Co tu dużo pisać - rozwaliłem familię sąsiadów od środka, dzięki czarom zapanowały w niej nie tyle nawet niesnaski, co zapanowała tam jawna wrogość, nienawiść.
Pandemonium - ja, demon z tej samej wsi jestem panem chaosu. Dzięki mojej magii nienawidzicie się, uwierzyliście w Mefistofila - złodzieja dusz niewinnych. I chlejecie. Butelka i różaniec, kieliszek stojący na Biblii - tak można zobrazować wasze życie.
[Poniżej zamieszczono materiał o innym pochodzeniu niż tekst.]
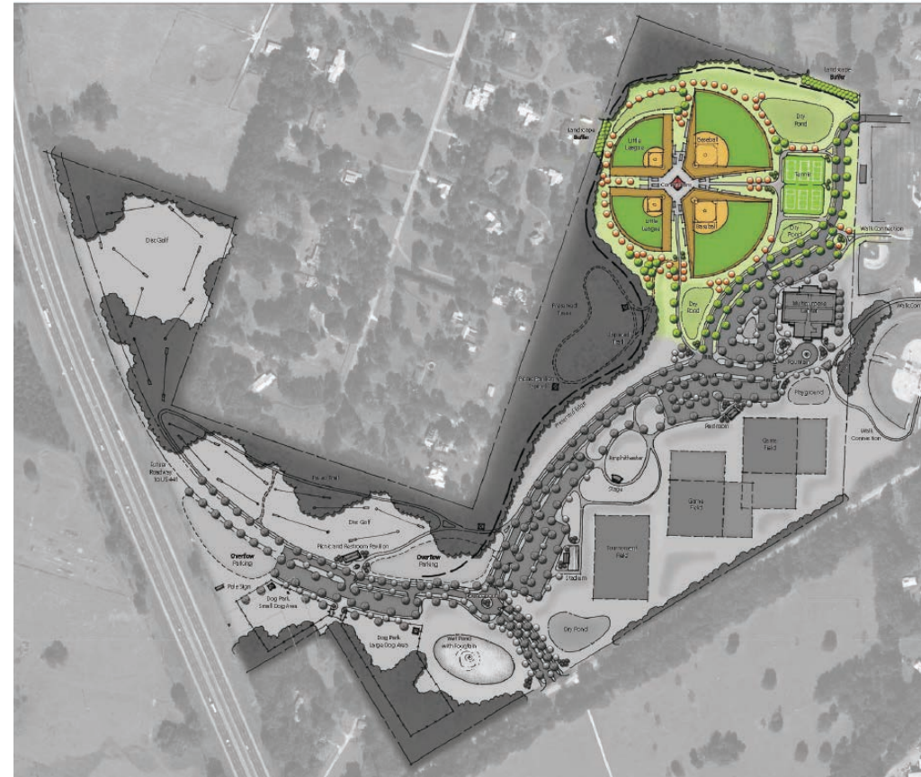
Phase: Northern Areas

This phase of development includes construction of the three multi-purpose fields, the amphitheater, the playground (if not installed in Phase 1), and support elements including a restroom building, the concessions/scoring/restroom building, permanent stadium bleachers, and walks and parking. If site work and grading for sports fields were included in the first phase, then they would be enhanced with sports turf, irrigation, and sports lighting within this phase of work. If it was not included, site work and storm water improvements would represent a significant portion of this phase. In addition, much of the site work of this phase represents a grading cut that would provide valuable fill dirt needed for construction of the baseball and tennis complexes. The wet retention pond would be installed within this phase, and the roundabout would also be installed to replace

Miotacie się, jak zwierzęta w klatkach, pomiędzy kruchtą a gorzelnią, nie mogąc sobie znaleźć miejsca. Bezsilność, złość, chęć zabicia brata - potwora, który przez trzy dekady leci w kulki.
Nawet prostacką Sandrę cała niewytłumaczalna sprawa dotknęła.
A miało być tak cukierkowo: Warszawa, wieczna laba, butiki, galerie handlowe... A on leży i udaje chorego, wał.
Najważniejsze pytanie: czemu tak okrutnie postąpiłem w stosunku do i tak ciężko doświadczonej przez los rodziny?
Dla jaj. Po to się przecież człowiek uczy czarnej magii, wertuje księgi tajemne sprzed stuleci, grymuary, zaklęciowniki - by porobić sobie śmiechy. Lepszego powodu niż żart - nie może być. On jest siłą napędową, spiritus movens życia. Bez niego jest się złamanym patykiem.
Albo po prostu taki ze mnie nieczuły skurczysyn.